La vida no sólo se entrega con las palabras, sino también con gestos y actitudes. Los niños esperan de los adultos el abrazo y la caricia que expresa amor y protección; el pobre, en su indigencia, desea no sólo una limosna, sino la mirada y el abrazo que le restaura la dignidad; el enfermo, en su limitación, acoge la unción sanadora del cuerpo y del espíritu; el inmigrante, que atemorizado, siente la protección de quien le escucha y le ayuda. Tocar, mirar, sentir la carne de Cristo que sufre en los otros es dar la vida, en el amor cotidiano, que se derrama callada y ocultamente en el encuentro personal. Dar la vida es salir de mí mismo, mis seguridades y comodidades, hacia las periferias donde niños, ancianos, enfermos, carecen de amor.
Los niños nos educan en el camino de dar la vida. Con sus simplicidad e ingenuidad, miran a sus compañeros y amigos, a los pobres y enfermos con amor, les acompañan, comparten generosamente su tiempo, sus juegos, sus abrazos, oran por aquellas intenciones que devuelven dignidad al ser humano. Dejemos que ellos sean reflejo luminoso del amor en nuestra historia.
San José de Calasanz dejó escrito en 1636: “… al paraíso solo se va por amor; y según los grados de amor o caridad que tenga uno, así tendrá de gloria, y cuanto más nos humillemos por amor de Dios, es señal de que más le amamos. Igualmente, cuanto más pobres nos hacemos por amor de Dios, tanto mayor amor de Dios mostramos…”
Estamos llamados también nosotros a servir y ofrecer nuestra vida gratuitamente, sin buscar ninguna gloria mundana. San José de Calasanz, nuestro maestro, luz y guía, se desgastó por el Evangelio, amando y abrazando con entusiasmo a tantos niños desamparados, para llevarles así la luz de Cristo. También nosotros queremos seguir su mismo camino, vaciémonos de lo nuestro, para amar de forma única e irrepetible a cada uno de ellos. El Señor tiene un sueño de amor para cada uno de nosotros y para los niños que se nos encomiendan. Llevémoslo adelante.
En dinámica de oración
Jesús, te escucho como tus discípulos en aquella entrañable cena: “ama a los otros, como yo te he amado”.
Quiero acoger la novedad de tu mandamiento, con la inocencia y sencillez de un niño.
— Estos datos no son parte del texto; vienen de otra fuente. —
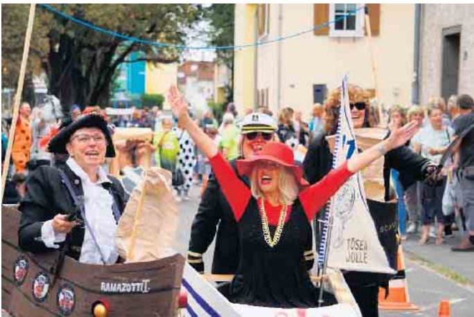
Bunt geschmückt machen sich die Karren auf den Weg durch die Kupfergasse.

Urbach - Am Samstag, 31. August, fahren ab 14 Uhr wieder Schürresskarren durch die Urbacher Kupfergasse. Anwohnende der Straße organisieren das Rennen erneut in Kooperation mit dem RSV Urbach und setzen damit eine Tradition fort. Ursprünglich lieferten sich Knechte und Mägde mit den nur geringfügig gereinigten Mistkarren einen Wettstreit durch das Dorf. Beim traditionellen Schürreskarrenrennen sind nun bunt geschmückte Karren der Vereine aus Urbach und den umliegenden Stadtteilen mit dabei. Meldeschluss ist am Veranstaltungstag um 13 Uhr. Zur besseren Vorbereitung freuen sich die Veranstalter über Meldungen per E-Mail: vorab an rainer.czakalla@netcologne.de .

Muchas voces me atraen y seducen, pero ahora me centro en la verdad absoluta de tu amor divino, que se encarna, se me aproxima en cada pequeño del Evangelio.
Guardo silencio, atiendo mi respiración, serena, pausada, sin prisa. Yo creo que tú habitas en mí, tú siempre me escuchas, te interesas por mí, me amas y conoces mis gozos e inquietudes.
Hoy, quiero presentarte a todos los que me siento llamado a amar: mi familia, mis estudiantes, los hermanos de comunidad, los compañeros en la misión… en particular, por los más débiles y pobres…
Jesús, te ruego por ellos
Guárdalos en tu amor.
Ámalos en mis palabras, en mis miradas, en mis gestos…
Jesús, hazme instrumento de amor, unidad y paz.
Canto: Tu amor en mi pequeñez. (CD 2)
Gracias, Padre bueno, por tu amor desbordado en mi pequeñez, por amarme tanto, por llevarme siempre en tus brazos.